Certainly, there is a place for unifying against evil and clear wrongdoing. So lest this column be simply a Pollyannaish denial of the tough reality we live in, let me state clearly that I follow Jesus’ example of confronting sin when he saw it but, more important, that I remove the log from my own eye before attempting to remove the speck from my neighbor’s (Matt 7:5).

Because I’ve been feeling increasingly anxious about how utterly divided we as a country (and, yes, a world) have become, I decided to focus primarily on what being “United in the Eucharist” means and what I can do about it.

We receive the body of Christ at Mass and we go out into the world as Christ’s body, united in our faith that God is with us everywhere in everything. There is something very positive about that, something that causes me to feel united to other human beings, despite whatever opposing beliefs we espouse.

As a spiritual director, I work with individuals and groups, listening to the immense struggles people experience, and giving conferences at the Franciscan retreat center in Prior Lake, Minn., where I try to connect our everyday lives with the spiritual life of God within us.

So I had an idea about how to make my goal to be united in the Eucharist in and for something positive.
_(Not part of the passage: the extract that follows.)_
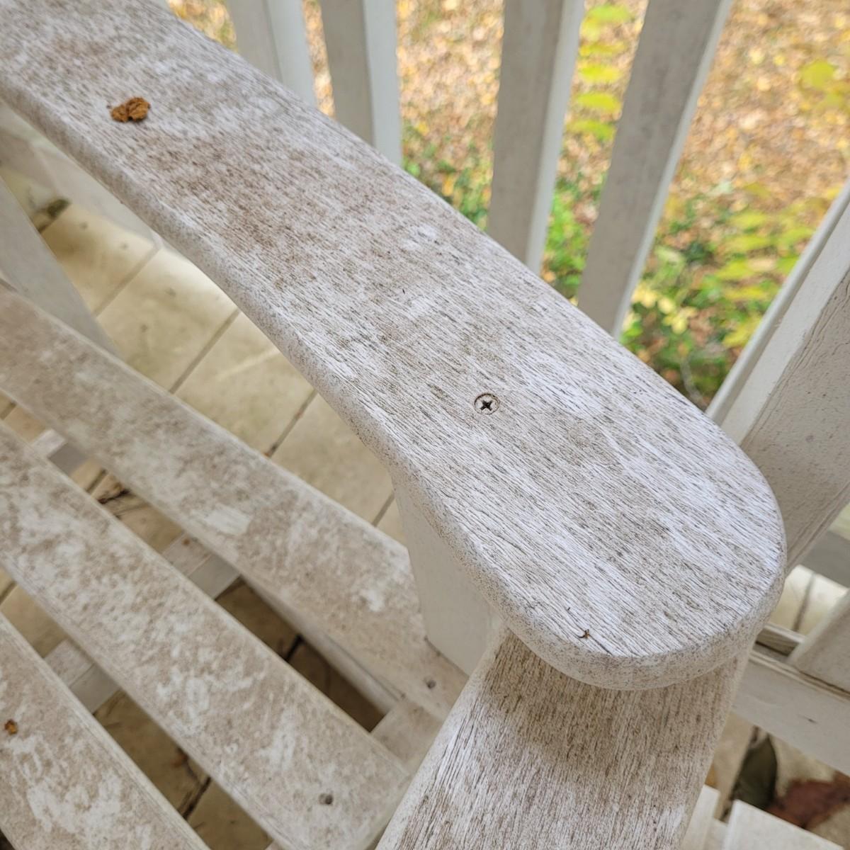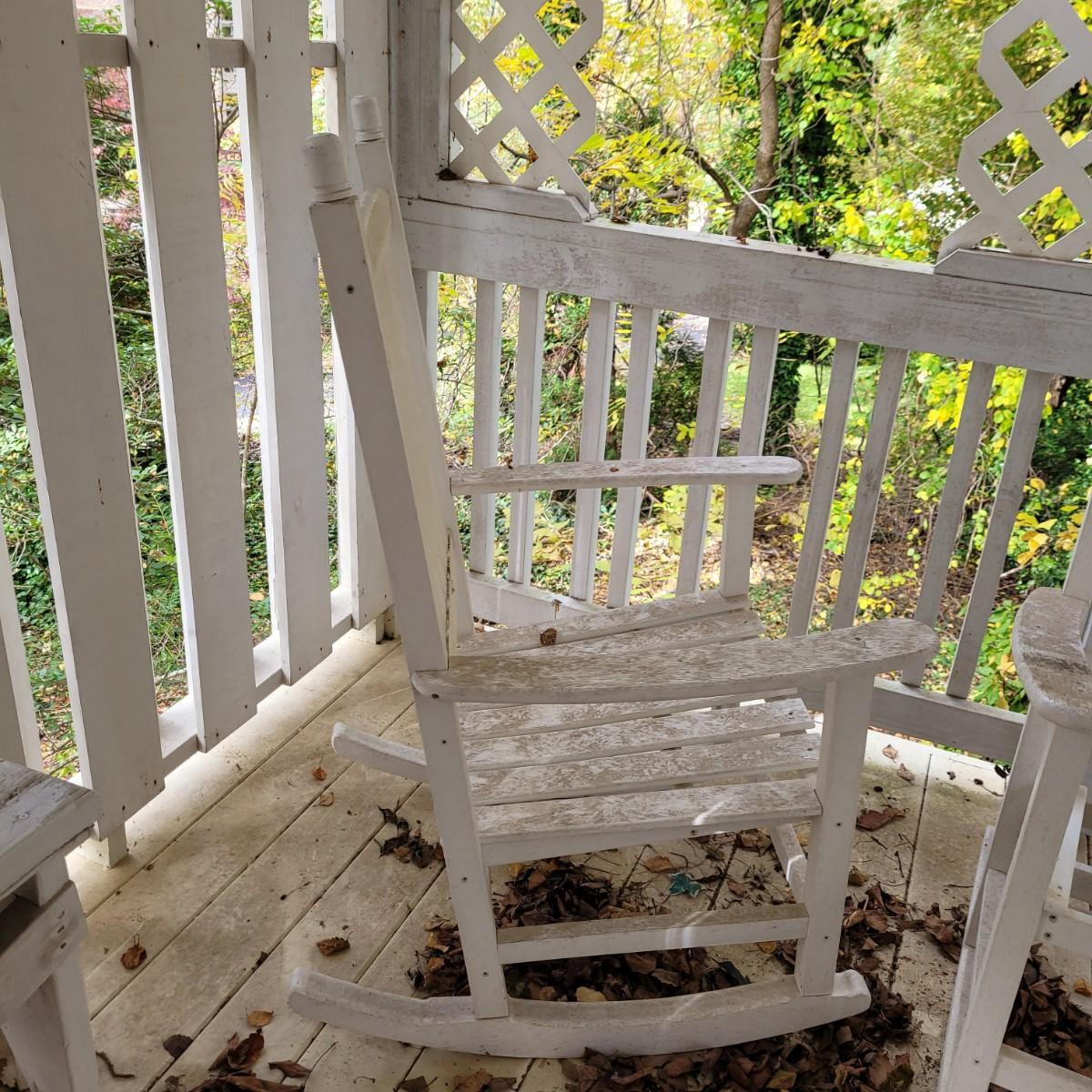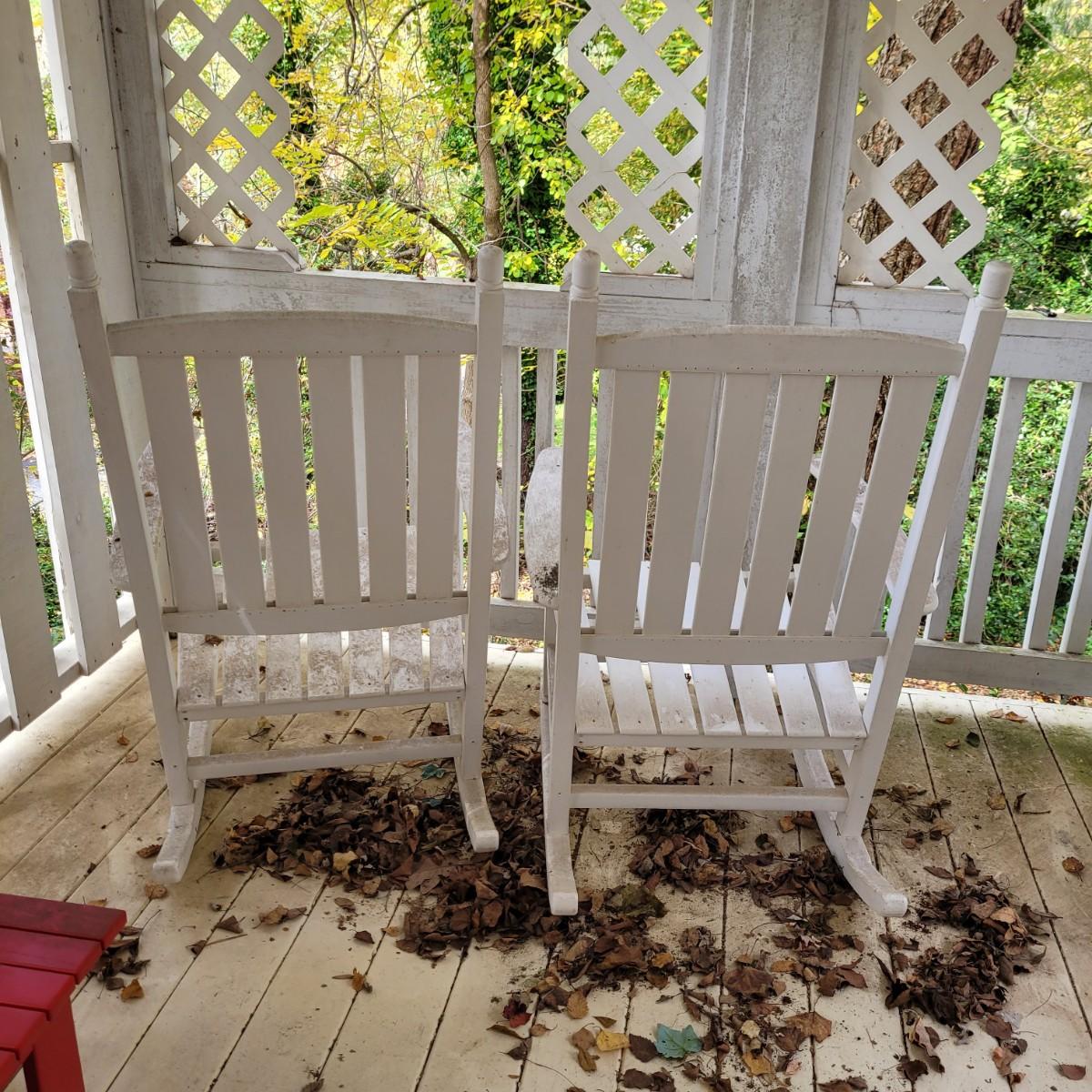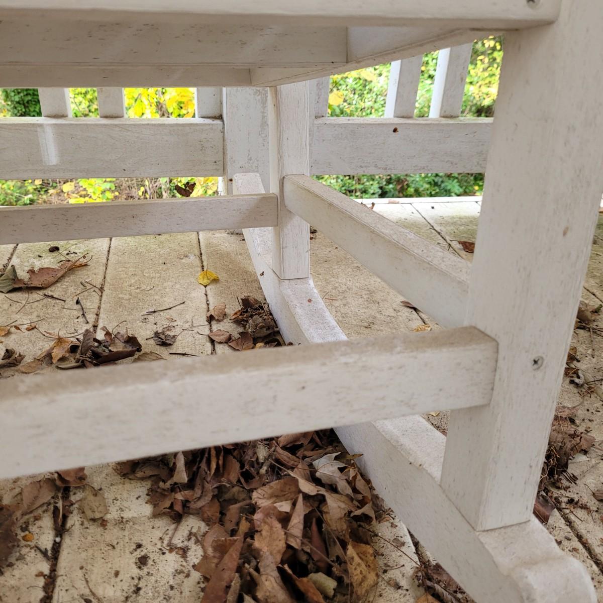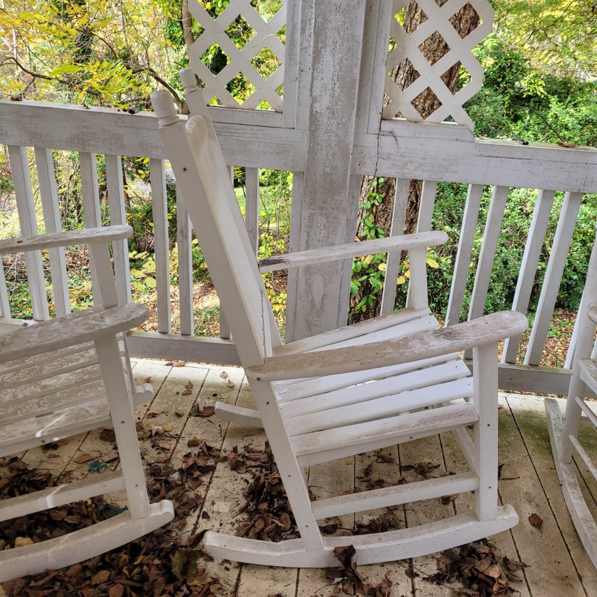 Two very sturdy wooden rocking chairs. All fastenings are securely in place. Accumulation of dirt seems to clean easily. Measure approximately 26"L x30.5"W x44"H, seat height 18.5"H. Local pickup only.

I created a practice involving the Sign of the Cross. When I place my hand on my forehead, I’m in thinking mode, so I think about the phrase “United in the Eucharist.” When I move my hand to my heart, I’m in feeling mode, so I become aware of how I feel about being a member of the body of Christ. When I move my hand to my left shoulder and cross over to my right shoulder, I imagine the work I do to listen and what more I can do to help others experience unity rather than division.

It wasn’t just Abraham Lincoln who said that a house divided against itself cannot stand, but Paul also said: “Since there is one bread, we who are many are one body; for we all partake of the one bread” (1Cor. 10:17).

With that, I invite you to join me in being “United in the Eucharist,” rather than divided, for we are really and truly all one in the body of Christ.

(Kathy Berken has a master’s degree in theology from St. Catherine University, St. Paul, Minn. She lived and worked at The Arche, L’Arche in Clinton 1999-2009 and is author of “Walking on a Rolling Deck: Life on the Ark (stories from The Arch).”)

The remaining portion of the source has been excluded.